##### SUPPLIED ENTRIES

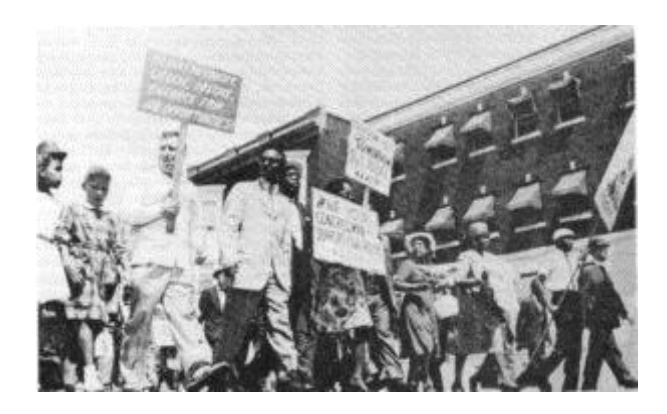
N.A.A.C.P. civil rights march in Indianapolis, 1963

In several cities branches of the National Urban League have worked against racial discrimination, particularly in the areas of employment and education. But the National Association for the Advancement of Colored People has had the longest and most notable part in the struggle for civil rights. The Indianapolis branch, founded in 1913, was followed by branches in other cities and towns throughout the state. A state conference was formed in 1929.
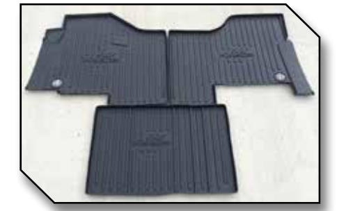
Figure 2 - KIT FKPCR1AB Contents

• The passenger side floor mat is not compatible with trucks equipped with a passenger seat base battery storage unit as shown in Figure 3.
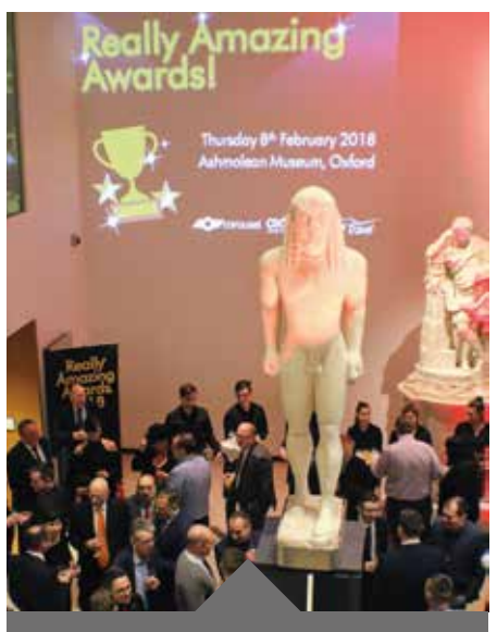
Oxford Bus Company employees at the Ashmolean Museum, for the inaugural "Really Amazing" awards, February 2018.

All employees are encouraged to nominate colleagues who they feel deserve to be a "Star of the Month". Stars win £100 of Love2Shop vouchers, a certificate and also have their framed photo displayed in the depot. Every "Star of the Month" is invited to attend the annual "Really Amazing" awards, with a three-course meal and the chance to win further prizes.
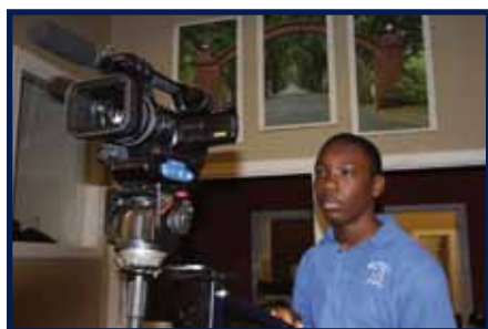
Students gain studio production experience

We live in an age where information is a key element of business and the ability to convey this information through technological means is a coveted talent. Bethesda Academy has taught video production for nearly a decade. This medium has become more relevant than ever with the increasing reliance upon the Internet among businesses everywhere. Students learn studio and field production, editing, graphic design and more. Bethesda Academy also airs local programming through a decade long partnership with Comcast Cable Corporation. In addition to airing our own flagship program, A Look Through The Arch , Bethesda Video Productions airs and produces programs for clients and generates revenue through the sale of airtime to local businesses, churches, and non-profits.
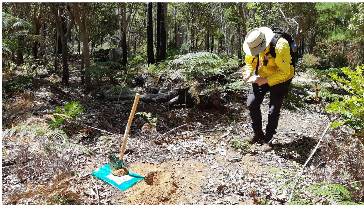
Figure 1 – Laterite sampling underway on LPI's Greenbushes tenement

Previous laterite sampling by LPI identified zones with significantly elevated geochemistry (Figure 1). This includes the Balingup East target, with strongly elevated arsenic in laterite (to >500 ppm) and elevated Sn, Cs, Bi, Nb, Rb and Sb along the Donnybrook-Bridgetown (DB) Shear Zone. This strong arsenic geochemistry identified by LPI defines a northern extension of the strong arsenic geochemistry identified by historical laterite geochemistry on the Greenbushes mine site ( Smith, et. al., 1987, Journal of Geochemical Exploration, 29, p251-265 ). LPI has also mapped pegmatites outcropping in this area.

##########

**YOUR GOAL**
Reproduce the whole listing word for word, setting aside any pictures.

**FINAL ANSWER**
N.A.A.C.P. civil rights march in Indianapolis, 1963

In several cities branches of the National Urban League have worked against racial discrimination, particularly in the areas of employment and education. But the National Association for the Advancement of Colored People has had the longest and most notable part in the struggle for civil rights. The Indianapolis branch, founded in 1913, was followed by branches in other cities and towns throughout the state. A state conference was formed in 1929.
Figure 2 - KIT FKPCR1AB Contents

• The passenger side floor mat is not compatible with trucks equipped with a passenger seat base battery storage unit as shown in Figure 3.
Oxford Bus Company employees at the Ashmolean Museum, for the inaugural "Really Amazing" awards, February 2018.

All employees are encouraged to nominate colleagues who they feel deserve to be a "Star of the Month". Stars win £100 of Love2Shop vouchers, a certificate and also have their framed photo displayed in the depot. Every "Star of the Month" is invited to attend the annual "Really Amazing" awards, with a three-course meal and the chance to win further prizes.
Students gain studio production experience

We live in an age where information is a key element of business and the ability to convey this information through technological means is a coveted talent. Bethesda Academy has taught video production for nearly a decade. This medium has become more relevant than ever with the increasing reliance upon the Internet among businesses everywhere. Students learn studio and field production, editing, graphic design and more. Bethesda Academy also airs local programming through a decade long partnership with Comcast Cable Corporation. In addition to airing our own flagship program, A Look Through The Arch , Bethesda Video Productions airs and produces programs for clients and generates revenue through the sale of airtime to local businesses, churches, and non-profits.
Figure 1 – Laterite sampling underway on LPI's Greenbushes tenement

Previous laterite sampling by LPI identified zones with significantly elevated geochemistry (Figure 1). This includes the Balingup East target, with strongly elevated arsenic in laterite (to >500 ppm) and elevated Sn, Cs, Bi, Nb, Rb and Sb along the Donnybrook-Bridgetown (DB) Shear Zone. This strong arsenic geochemistry identified by LPI defines a northern extension of the strong arsenic geochemistry identified by historical laterite geochemistry on the Greenbushes mine site ( Smith, et. al., 1987, Journal of Geochemical Exploration, 29, p251-265 ). LPI has also mapped pegmatites outcropping in this area.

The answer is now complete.